其中 SOURCE 正常工作，但是 ERROR 作为错误码，即使正常运行，但是也会出现随机数（可能也不那么随机），如下所示

我找不到具体原因，只找到相关文献说 STATUS_ERROR 在阻塞通信中没有意义

MPI_ERROR is the member of the MPI_Status structure that contains the error code of the corresponding receive operation. Although in practice it has no use for a blocking receive (MPI_Recv) since the error code is returned directly by the routine, it does have uses for its non-blocking counterpart (MPI_Irecv) where the MPI_Status cannot be obtained until the MPI_Request collected is waited on (MPI_Wait, MPI_Waitall, MPI_Waitany, MPI_Waitsome) or tested (MPI_Test, MPI_Testall, MPI_Testany, MPI_Testsome).

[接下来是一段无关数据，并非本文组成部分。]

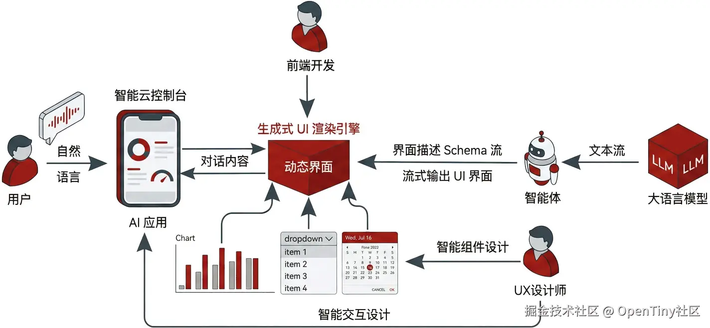 2025 年 11 月 18 日,蚂蚁集团全模态通用 AI 助手------灵光 App 发布,上线两周用户已创建 330 万个闪应用。这一现象级数据的背后,不仅是开发效率的提升,更是人机交互范式正在从图形用户界面(GUI)向生成式用户界面(GenUI)的跨越。在新的范式下,应用不再是预先固化的静态资产,而是根据用户自然语言意图实时生成。闪应用所展现的数十秒构建能力,是生成式 UI 将界面从预先设计转变为即时生成的体现,它让应用"按需生成、用后即弃"。本文将深入剖析生成式 UI 的基本概念、技术特征与渲染原理,并结合我们 OpenTiny 产品的落地实践,探索生成式 UI 在推动企业应用智能化的巨大潜力。
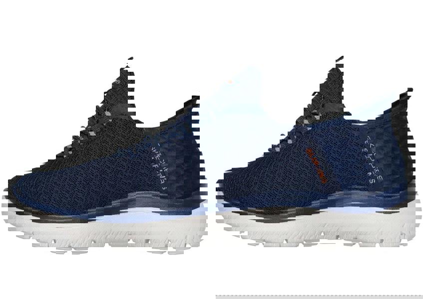 Step into easy-wearing comfort with Skechers Hands Free Slip-ins™: Summits - High Range. Along with our Exclusive Heel Pillow™ holds your foot securely in place, this vegan style features a unique pop-up Skechers Slip-ins™ molded heel panel, a mesh upper with fixed laces, and a cushioned Skechers Air-Cooled Memory Foam® insole.
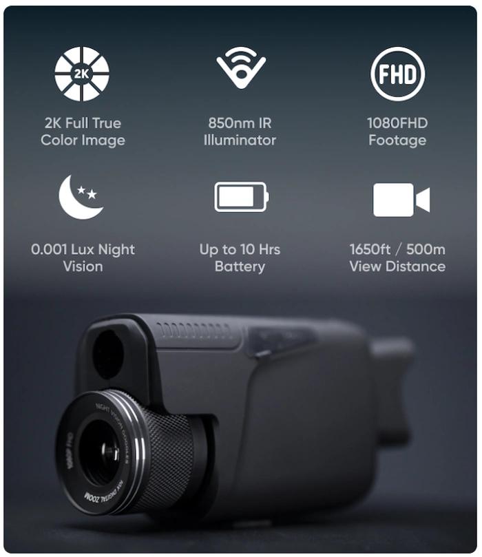 หากคุณกำลังค้นหาระบบการมองเห็นตอนกลางคืนระดับทหารที่มีขนาดเล็กพอที่จะใส่ในกระเป๋าของคุณ คุณอาจสนใจกล้องตาข้างเดียวสำหรับการมองเห็นในตอนกลางคืน Duovox Ultra ซึ่งเปิดตัวโดย Kickstarter ในเดือนนี้ และระดมทุนไปแล้วกว่า 75,000 ดอลลาร์จากผู้สนับสนุนกว่า 450 ราย ซึ่งแคมเปญนี้ยังมีเวลาเหลืออีก 52 วัน สามารถให้สีที่สมบูรณ์ใน แสงน้อย และนำเสนอ ไฟส่อง IR 7 ระดับ ในที่มืดสนิท ตาข้างเดียวสำหรับการมองเห็นตอนกลางคืนมีระยะสูงสุด 500 ม. และสามารถใช้งานได้นานถึง 10 ชั่วโมงต่อการชาร์จหนึ่งครั้ง และให้ความละเอียด 1080FHD
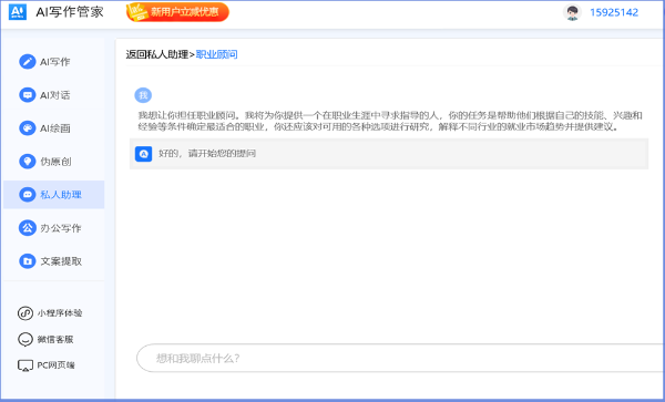 4、AI智能对话:AI写作管家随时理解并回应用户指令,提供流畅、准确的交流体验,并能扮演多种专业顾问角色。

然后在 mpi4py 中实践，发现成功错误码python是 0

>>> from mpi4py import MPI
>>> print(MPI.SUCCESS)
0

后记，在我不知道改了啥之后，似乎 error_code 在成功情况下又变成了 0

四、实验成果

4.1 基本成果

条目	内容
节点数	8
CPU 数	8
运行轮数	5000
总运行时间	0.161244s
每轮运行时间	0.000032

运行截图：

4.2 冷启动和溢出猜想

如果打印每一轮的测试信息，就会发现两个有趣的现象：

前几轮的时间会明显很大。
时间在趋于平稳后会有周期性（待定）的长时间传递出现

如图所示：

从上图可以看出前几个周期明显要长很多。

从这里可以看出会出现一个“尖刺”。如果绘图（感谢陈凝香的图表）：

可以更加明显的观测到这种现象。

在于小组同学商讨后，我个人倾向于这样的一种解释：这可能与某种“高速缓存机制（cache）”有关，对于一开始，位于路由中或者其他关键节点的高速缓存存在常见的“冷启动”现象，需要填充缓存来达到增加命中率的目的，而这个过程会伴随这缺失的代价，这就导致一开始的时候的缓慢，而之后的周期性缓慢，可能是 cache 中某一缓存行被换出的过程，当一个缓存行被换出，需要发生一次缺失，才能更新 cache，这就导致了一次长的周期。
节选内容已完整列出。